CamI2V: Camera-Controlled Image-to-Video Diffusion Model

🎥 Gallery

rightward rotation and zoom in (CFG=4, FS=6, step=50, ratio=0.6, scale=0.1)	leftward rotation and zoom in (CFG=4, FS=6, step=50, ratio=0.6, scale=0.1)

zoom in and upward movement (CFG=4, FS=6, step=50, ratio=0.8, scale=0.2)	downward movement and zoom-out (CFG=4, FS=6, step=50, ratio=0.8, scale=0.2)

🌟 News

🔥 25/07/12: Release model and evaluation code of RealCam-I2V (DynamiCrafter-based, for reproducing and comparing the results we report in paper). For DiT-based (e.g. CogVideoX) version, please refer to RealCam-I2V.
🔥 25/06/26: RealCam-I2V is accepted by ICCV 2025! 🎉🎉
🔥 25/03/26: Release our dataset RealCam-Vid v1 for metric-scale camera-controlled video generation!
🔥 25/03/17: Upload test metadata used in our paper to make easier evaluation.
🔥 25/02/15: Release demo of RealCam-I2V for real-world applications.
🔥 25/01/12: Release CamI2V (512x320, 100k) checkpoint with longer training.
🔥 25/01/02: Release CamI2V (512x320, 50k) checkpoint, which is suitable for research propose and comparison.
🔥 24/12/23: Release checkpoint of CamI2V (256x256, 50k).
🔥 24/12/16: Release reproduced non-official MotionCtrl (256x256, 50k) and CameraCtrl (256x256, 50k) checkpoints on DynamiCrafter.
🔥 24/12/09: Release training configs and scripts.
🔥 24/12/06: Release dataset pre-process code for RealEstate10K.
🔥 24/12/02: Release evaluation code for RotErr, TransErr, CamMC and FVD.
🌱 24/11/16: Release model code of CamI2V, including implementation for MotionCtrl and CameraCtrl.

📈 Performance

Measured under 256x256 resolution, 50k training steps, 25 DDIM steps, text-image CFG 7.5, camera CFG 1.0 (no camera CFG).

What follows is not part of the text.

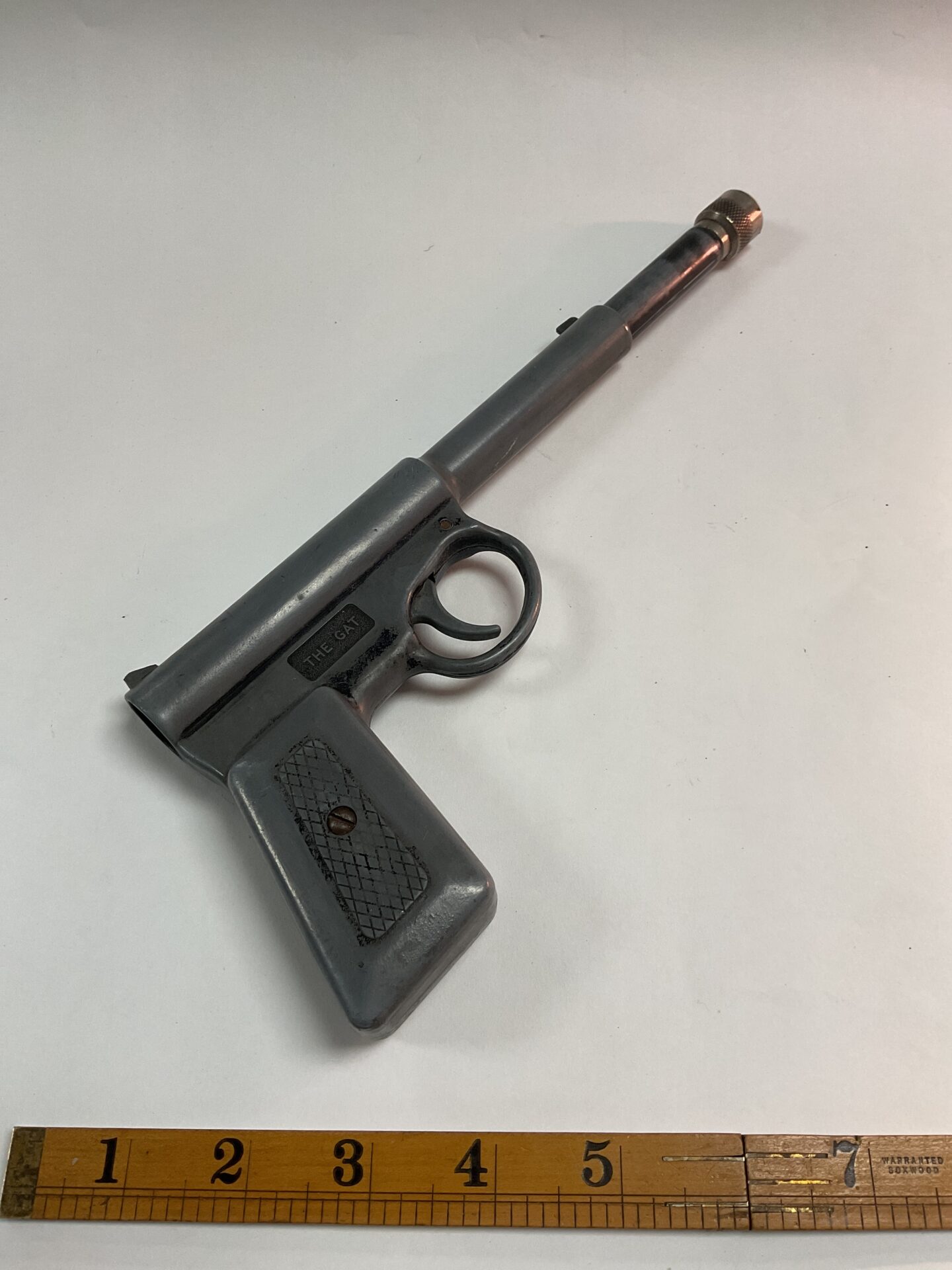This is a vintage “The Gat” air pistol, a classic example of mid-century toy design. Constructed with a tinplate body and featuring a spring-loaded firing mechanism, this pistol evokes a nostalgic era of play. The pistol’s design includes a faux wood-grain finish on the grip and barrel, adding to its realistic appearance.

Method	RotErr↓	TransErr↓	CamMC↓	FVD↓ (VideoGPT)	FVD↓ (StyleGAN)
DynamiCrafter	3.3415	9.8024	11.625	106.02	92.196
MotionCtrl	0.8636	2.5068	2.9536	70.820	60.363
CameraCtrl	0.7064	1.9379	2.3070	66.713	57.644
CamI2V	0.4120	1.3409	1.5291	62.439	53.361

Inference Speed and GPU Memory

Method	# Parameters	GPU Memory	Generation Time (RTX 3090)
DynamiCrafter	1.4 B	11.14 GiB	8.14 s
MotionCtrl	+ 63.4 M	11.18 GiB	8.27 s
CameraCtrl	+ 211 M	11.56 GiB	8.38 s
CamI2V	+ 261 M	11.67 GiB	10.3 s

⚙️ Environment

Quick Start

apt install libgl1-mesa-glx libgl1-mesa-dri xvfb # for ubuntu
yum install -y mesa-libGL mesa-dri-drivers Xvfb. # for centos
conda create -n cami2v python=3.10
conda activate cami2v

conda install -y libstdcxx-ng=12 -c conda-forge
conda install -y pytorch==2.4.1 torchvision==0.19.1 pytorch-cuda=12.1 -c pytorch -c nvidia
conda install -y xformers -c xformers
pip install -r requirements.txt

💫 Inference

Download Model Checkpoints

Model	Resolution	Training Steps
RealCam-I2V	512x320	50k
RealCam-I2V	256x256	50k
CamI2V	512x320	50k, 100k
CamI2V	256x256	50k
CameraCtrl	256x256	50k
MotionCtrl	256x256	50k

Currently we release 256x256 checkpoints with 50k training steps of DynamiCrafter-based RealCam-I2V, CamI2V, CameraCtrl and MotionCtrl, which is suitable for research propose and comparison.

We also release 512x320 checkpoints of RealCam-I2V and CamI2V, make possible higher resolution and more advanced camera-controlled video generation.

Download above checkpoints and put under ckpts folder. Please edit ckpt_path in configs/models.json if you have a different model path.

Download Depth Anything V2 (metric version) and put under pretrained_models folder for metric depth estimation.

Download Qwen2-VL and put under pretrained_models folder for image caption in gradio demo for video generaion. AWQ-quantized version is prefered due to speed and GPU memory.

Run Gradio Demo

python cami2v_gradio_app.py --use_qwenvl_captioner  # for cami2v
python realcami2v_gradio_app.py --use_qwenvl_captioner  # for realcam-i2v

Gradio may struggle to establish network connection, please re-try with --use_host_ip.

🚀 Training

Prepare Dataset

Please follow instructions in datasets folder in this repo to download RealEstate10K dataset and pre-process necessary items like video_clips and valid_metadata.

Download Pretrained Models

Download pretrained weights of base model DynamiCrafter (256x256, 512x320) and put under pretrained_models folder:

─┬─ pretrained_models/
 ├─┬─ DynamiCrafter/
 │ └─── model.ckpt
 └─┬─ DynamiCrafter_512/
   └─── model.ckpt

Launch

Start training by passing config yaml to --base argument of main/trainer.py. Example training configs are provided in configs folder.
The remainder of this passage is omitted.